Holmestorm
Holmestorm

Reputation: 103

Is it possible to access the glyph outline coordinates for a plotted string in R?

I am working on a personal project to develop wordcloud type graphics in R. I have some basic code working, but it is limited to detect collisions between words using the smallest rectangle that bounds each individual word.

I am wondering if it is possible to get access to the actual coordinates of the outline of the individual letters (glyphs?), so that I can pack words much closer to one another - and even do things such as plot a word inside the hole in the middle of a character 'o' for example.

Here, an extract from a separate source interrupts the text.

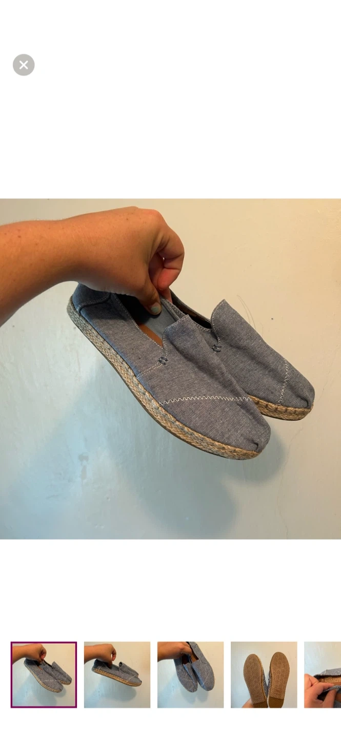 TOMS Brand. Slip on flat shoes. Denim looking blue with woven sole trim. Size women’s 7. Brand new condition
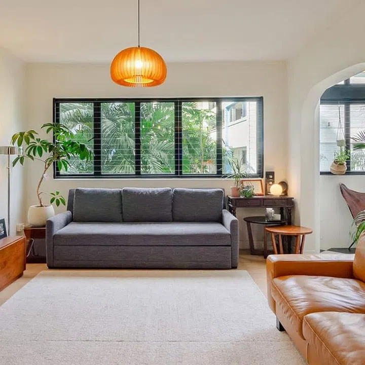 As such, the couple decided to leave the windows with no curtains. The green decor outside the window spills easily inside because of the multitude of indoor plants in the living room.

All my searches have proved fruitless. This link seems relevant, but for TeX https://tex.stackexchange.com/questions/180510/how-to-get-intersection-points-of-two-glyphs

Upvotes: 1

Views: 264

Answers (1)

Holmestorm
Holmestorm

Reputation: 103

This question got very little traction, but after quite a lot of digging I managed to hack a bit of a solution together that worked for my purposes and am sharing for reference.

I wasn't able to get access to the plotted coordinates of characters, but instead I was able to make my own character glyphs, and plot them.

Seeing this answer https://stackoverflow.com/a/7745776/5825522 to an unrelated question started me on the path of using the grImport package to trace a postscript file. And I was able to hack a solution together (sample below) that eventually worked - although I can't confess to understanding the ins and outs of the postscript code and the XML parsing (as this was my first encounter with both topics!)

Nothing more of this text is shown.